Diana Konstantinovna Borisova (Диана Константиновна Борисова; born 21 March 1997) is a retired Russian group rhythmic gymnast. She is the 2015 Worlds Group all-around champion, the 2015 European Games Group All-around champion and the 2012 European Junior Hoop champion.

== Career ==

=== Junior ===
A member of the Russian national team since 2008, Borisova started as an individual gymnast. Her first coach was Marina Kaliuzhnaya. Starting in 2009, she was coached by Vera Shatalina who also trained Dina Averina, Arina Averina and former Olympians Yulia Barsukova and Olga Kapranova. She won the silver in all-around at the 2011 Russian Junior Championships.

Borsiova had a successful junior career winning numerous medals including gold medal in hoop at the 2012 Pesaro and 2012 Kyiv Junior World Cup.
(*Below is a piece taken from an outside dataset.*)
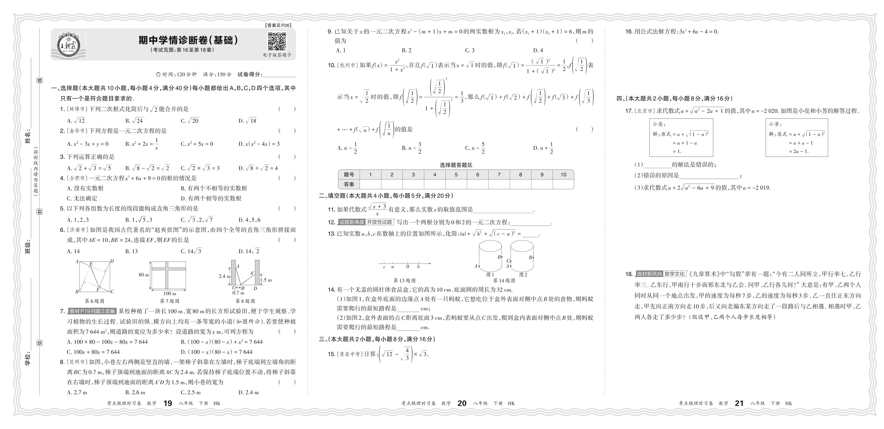 八年级数学沪科版下册期中卷

She took silver in clubs at the 2010 Pesaro Junior World Cup. At the 2012 European Junior Championships, Borisova won the gold medals in hoop and with the Russian junior team (Yana Kudryavtseva, Julia Sinitsina and Aleksandra Soldatova).

=== Senior ===
Borisova debuted as a Senior in the 2013 season, she finished 7th in all-around at the 2013 Russian Championships. She later began training as a Group rhythmic gymnast and became a member of the Russian National group, replacing injured gymnast Alina Makarenko. Borisova began competing with the Russian Group at the 2013 World Cup series.
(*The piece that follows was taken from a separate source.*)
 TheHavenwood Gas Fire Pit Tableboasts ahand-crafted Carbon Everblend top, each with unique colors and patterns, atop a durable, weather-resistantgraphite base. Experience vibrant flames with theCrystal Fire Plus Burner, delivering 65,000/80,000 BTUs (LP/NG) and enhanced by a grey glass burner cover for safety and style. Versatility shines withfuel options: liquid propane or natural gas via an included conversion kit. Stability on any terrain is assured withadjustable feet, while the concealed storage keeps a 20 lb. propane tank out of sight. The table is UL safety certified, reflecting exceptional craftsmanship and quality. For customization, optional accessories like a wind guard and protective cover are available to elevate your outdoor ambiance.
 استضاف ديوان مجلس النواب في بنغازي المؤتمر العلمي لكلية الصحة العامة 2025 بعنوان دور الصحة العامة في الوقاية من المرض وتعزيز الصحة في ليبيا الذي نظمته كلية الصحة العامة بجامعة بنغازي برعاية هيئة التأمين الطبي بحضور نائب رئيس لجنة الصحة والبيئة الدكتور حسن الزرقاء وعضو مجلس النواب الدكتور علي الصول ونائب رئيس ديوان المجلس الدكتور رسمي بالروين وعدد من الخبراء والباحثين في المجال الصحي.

In 2014 season, Borisova was member of the Russian Group at the 2014 European Championships in Baku, Azerbaijan where they won gold in Group all-around, 2Ribbon / 3Balls and silver in 10 Clubs. At the 2014 World Championships, the Russian Group finished 4th in all-around and took gold in 2Ribbon / 3Balls.
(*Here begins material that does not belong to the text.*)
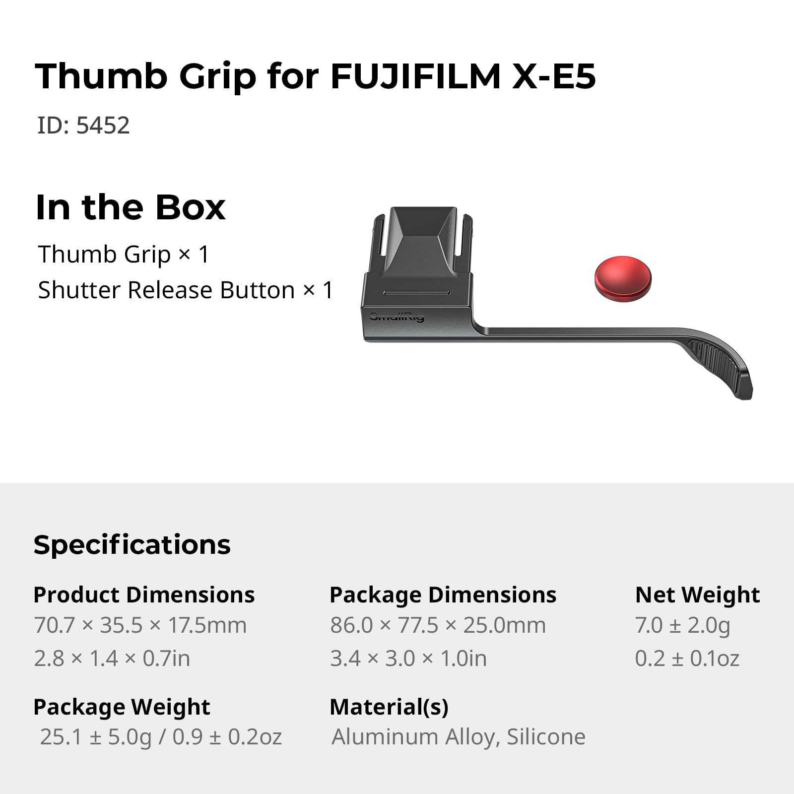 Ergonomic Design: SMALLRIG Thumb Grip for FUJIFILM X-E5 is designed to enhance the grip and improve safety when holding the camera with one hand.

In 2015, Borisova missed the early part of the season due to an ankle injury. She returned to competition at the 2015 Pesaro World Cup. Borisova was member of the Group that competed at the inaugural 2015 European Games held in Baku, Azerbaijan where they won gold in Group All-around and 5 Ribbons. At the 2015 World Cup Budapest, Borisova with the Russian Group won gold in Group all-around, 5 Ribbons and bronze in 6 clubs/2 Hoops. At the 2015 World Cup series in Kazan, Borisova together with members of the Russian Group won the gold medal in Group all-around. In event finals, they also won gold in 5 ribbons and 6 clubs + 2 hoops. On September 9–13, Borisova together with other members of Russian Group ( Sofya Skomorokh, Daria Kleshcheva, Anastasia Maksimova, Anastasiia Tatareva and Maria Tolkacheva ) competed at the 2015 World Championships in Stuttgart where they won the Group all-around title. It had been eight years since the Russian Group last won the all-around title in 2007. In apparatus finals, Borisova was a member of the group that won silver in 5 Ribbons.

She finished her gymnastics career in 2016.